Back to Ren, I said, "Surely someone as nosy as you has heard something about Pendulum's location."
"He mislikes visitors," Ren replied flatly. "And people in general. Hence, why he retired."
"All I need is a few moments. If he won't give me them, I'll take them by force." I meant every word. By touching him for mere seconds, I could duplicate his influence over time, and with that ability maybe, just maybe-
Ren's hard glower indicated he read the direction of my thoughts and found it lacking. "You are a hopeless case, you know that? Stubborn as all hell. But!" He stretched his hands up and behind his head, careening his chair dangerously far back with a shiny leather shoe kicked onto his desk. "Letting you go storming into Pendulum's home might prove to be suicide, depending on his mood. Might not be a bad idea to get rid of you before you self-destruct, which we all know is only a matter of time without access to another healer, so I'm almost inclined to give you the information outright."
Ren was not a cruel man, just a pragmatist. He would not delight in my return to insanity - far from it, given that his Supers would be tasked with hunting me down - but he always set aside his personal feelings to do what needed to be done.
"Almost?" I prompted.
"I have conditions, of course. First of all, when he is beating you to a pulp while you are frozen in time, I did not send you. You do not know me. You do not, nor have you ever, worked for this Guild. Second, I need you to do something for me in return, preferably first, so I know it gets done. Something suited to your particular talents."

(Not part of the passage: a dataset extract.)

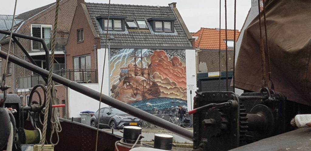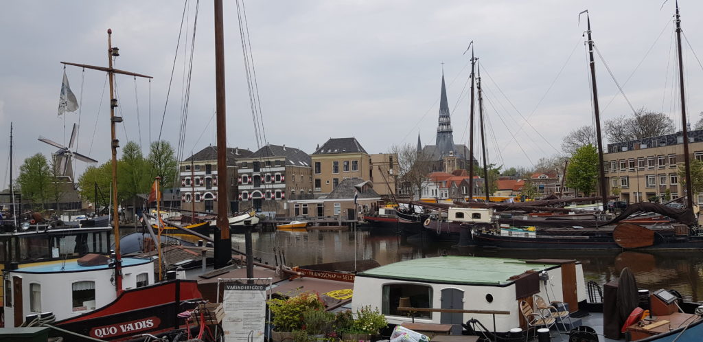 Then it was a fairly sedate passage until we hit Gouda where we found a mooring on the river close to the town centre (just getting in before a yacht which then ended rafted up to us for the night). The mooring was next to the lock going into the town, not too expensive and with water and electricity included (although the electric didn’t actually work), and as we finished roping up, along came the lock-keeper, Robert, to chat and find out what our plans were, and he gave us lots of tips and good advice on places to visit in Gouda and on our travels.

Odds were, I'd have followed through with his request anyway, so I nodded, but he wasn't done. "And third, if we do not find another healer for you to copy by the end of the year, I want you to enter the Underground of your own volition to await the end."
Such a simple way of referring to my lucidity. He wasn't wrong, though. It would be the end for me, before I returned to being an instinct driven beast, an animal blinded by pain and backed in a corner lashing out at any outstretched hands because of my own overwhelming fear. I would remember nothing of my experiences, and if I never encountered a healer for the rest of my life, it would be as though I never experienced anything ever again. I was once an empty vessel for pain, and so I was meant to be again.
My chest felt tight at the mention of the underground prison, once destroyed by the Guild itself, becoming a tomb for countless villains, now rebuilt. Nonetheless, I agreed. "What would you have me do?"
Ren smiled grimly. "Pull up a chair. Both of you."
****Author's note:****
The future chapters will NOT be from atticus's POV. I'm still a long ways away from finishing this one especially since I'm working on other things but I finally have enough direction to for the final concept to confidently post this and be sure it won't need to be changed as I progress. I've toyed around with doing dual POV but although I like writing it, as a reader i generally dislike reading it and i imagine I'm not the only one who feels that way, so unless there's an uproar I'll most likely stick to single POV. Hope anyone lovely enough to still be interested in this story enjoyed~
As always, cover subject to change bc I always hate them.